Tutte le procedure di animali sono stati approvati dalla Comunità di Madrid cura degli animali e del Comitato uso, nel rispetto della normativa nazionale ed europea (PROEX 118/14; PROEX 331/15). Mantenere condizioni di sterilità durante la procedura.

1. elettroporazione in utero

NOTA: Questo protocollo per IUE è adattato da altri che sono stati precedentemente pubblicati ^{5, 6, 7.} Questo manoscritto descrive un protocollo per l'IUE di E15.5 embrioni, con modificazioni nella strategia giornalista che permettono lo studio della morfologia dei singoli neuroni ⁸ e le loro proprietà elettrofisiologiche in un esperimento separato utilizzando plasmidi reporter GFP standard.

1. Preparazione del DNA
   1. Preparare plasmidi DNA utilizzando un kit di isolamento privo di endotossine secondo le istruzioni del produttore e diluirli in 1x psalina hosphate-tamponata (PBS).
      1. Per l'etichettatura unicellulare, preparare 10 ml di miscela di DNA per la chirurgia (1 ml per embrione) utilizzando i seguenti costrutti e concentrazioni finali: plasmide codificante una giornalista proteina fluorescente (per esempio, CAG-DsRed2 ^9), 1 mg / mL come controllo per l'efficienza elettroporazione; plasmide sperimentale da testare, tipicamente a 1 mg / mL; LoxP-stop-loxP-fluorescente proteina plasmide (GFP ^CALNL-10), 1 mg / mL; e costruire-codifica Cre ^10, 1 - 4 ng / mL. Aggiungere 1 ml di 0,1% veloce verde in acqua (peso / volume) per visualizzare il DNA iniettato.
         NOTA: Cre ricombinazione del costrutto GFP verifica solo in pochi neuroni, che consente la visualizzazione e la ricostruzione delle singole proiezioni assonale (Figura 1A).
      2. Per gli studi di patch-clamp standard preparare 10 ml di miscela DNA per la chirurgia (1 ml per embryo) dei seguenti plasmide codificante una proteina fluorescente (per esempio, CAG-GFP ^11), 1 mg / mL come controllo giornalista; plasmide sperimentale, generalmente 1 mg / mL; e 1 ml di 0,1% veloce verde in acqua (peso / volume).
         NOTA: Queste sono le condizioni di elettroporazione standard che analizzano fette acuta che contengono un gran numero di neuroni eccitatori marcati all'interno della lamina desiderato. Per eseguire studi di patch-clamp in singole cellule, preparare il DNA come descritto al punto 1.1.1.1.

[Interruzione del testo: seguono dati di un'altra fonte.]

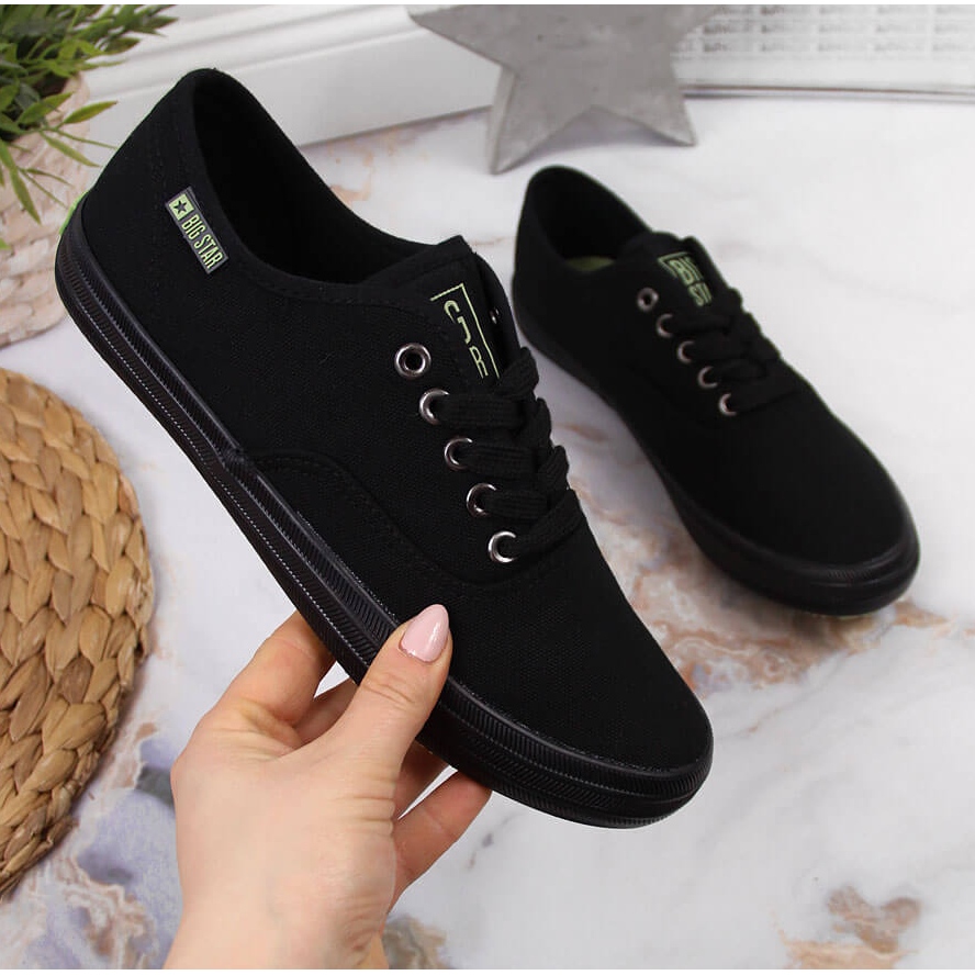 Potpuno crne tekstilne tenisice Big Star JJ274261 savršen su izbor za žene koje cijene moderan izgled i udobnost nošenja. Proizvod marke BIG STAR ističe se minimalističkim dizajnom u klasičnoj crnoj boji, što ga čini pogodnim za mnoge stilove - kako casual tako i sportske.

2. Preparazione per la chirurgia

1. Eseguire un intervento chirurgico di sopravvivenza utilizzando procedure asettiche. Garantire condizioni di sterilità, tra cui maschere, guanti, strumenti e campo chirurgico. Sterilizzare gli strumenti chirurgici (bisturi, pinze Adson, forbici sottili induriti, forbici curve, pinze Dumont, e porta aghi).
2. Selezionare capillari di vetro borosilicato di diametro esterno / interno 1 / 0.58 mm. protezione di tiroillaries ^3. Obiettivo per una lunghezza punta ottimale di 1 cm dopo aver tirato. Tagliare la punta dell'ago a circa un angolo di 30 ° con una pinza sottile (Figura 1B).
3. Preparare 500 ml di soluzione isotonica sterile (PBS 1x o Hank's soluzione salina bilanciata (HBSS)). Aggiungere penicillina-streptomicina 1: 100 e riscaldare questa soluzione a 37 ° C. Esso può essere conservato a 4 ° C dopo l'intervento chirurgico.
4. Sottocutanea iniettare una dose preoperatoria di analgesici (ad esempio, carprofen, 5 mg / kg di peso corporeo).
5. Mantenere gli animali caldo per la chirurgia mettendoli su una piastra elettrica. Scaldare una gabbia pulita a 37 ° C per il recupero post-operatorio.

3. Chirurgia

1. Anestetizzare un C57BL / 6 E15.5 il mouse incinta con isoflurano. Innanzitutto, infondere una camera chiusa con 3% isoflurano a 0,8 L / min ossigeno e lasciare il mouse all'interno finché è addormentato. Trasferire il mouse per una piastra elettrica e posizionare il naso e la bocca all'interno di una maschera per fornirey di isoflurano. Gradualmente diminuire l'anestesia nel corso dell'intervento al 1,5% isoflurano tramite maschera. Verificare il corretto anesthetization osservando una perdita del riflesso pedale (tep pinch). La procedura ottimale richiede circa 20 minuti e non più di 45 min.
2. Applicare unguento oculare per evitare gli occhi si secchi durante la procedura.
3. Rimuovere i capelli da una regione ~ 3 cm dell'addome (utilizzando un rasoio elettrico o crema depilatoria). Lavare l'area chirurgica con tamponi di cotone intriso di etanolo al 70%, seguita da un tampone di cotone di iodio-infuso. Ripetete tre volte.
4. Coprire l'area chirurgica con garza sterile per prevenire le infezioni.
5. Utilizzare il bisturi per effettuare una apertura verticale attraverso la pelle 2 cm di lunghezza e parallelamente alla linea mediana. Separare la pelle ei muscoli dell'addome con le forbici curve smussate. Tenere il muscolo con la pinza e tagliare attraverso la linea alba per esporre la cavità addominale.
6. Individuare gli embrioni, con l'aiuto of le pinze. Inumidire due tamponi di cotone bagnato con la soluzione salina sterile preparata al punto 2.3 e li usa per manipolare un embrione accessibili dall'apertura. Posizionare i tamponi di cotone in tutto l'embrione ed estrarre delicatamente entrambe le corna uterine dalla cavità addominale. Mantenere gli embrioni e la cavità addominale aperta idratata con soluzione salina calda durante tutta la procedura per evitare che si secchi.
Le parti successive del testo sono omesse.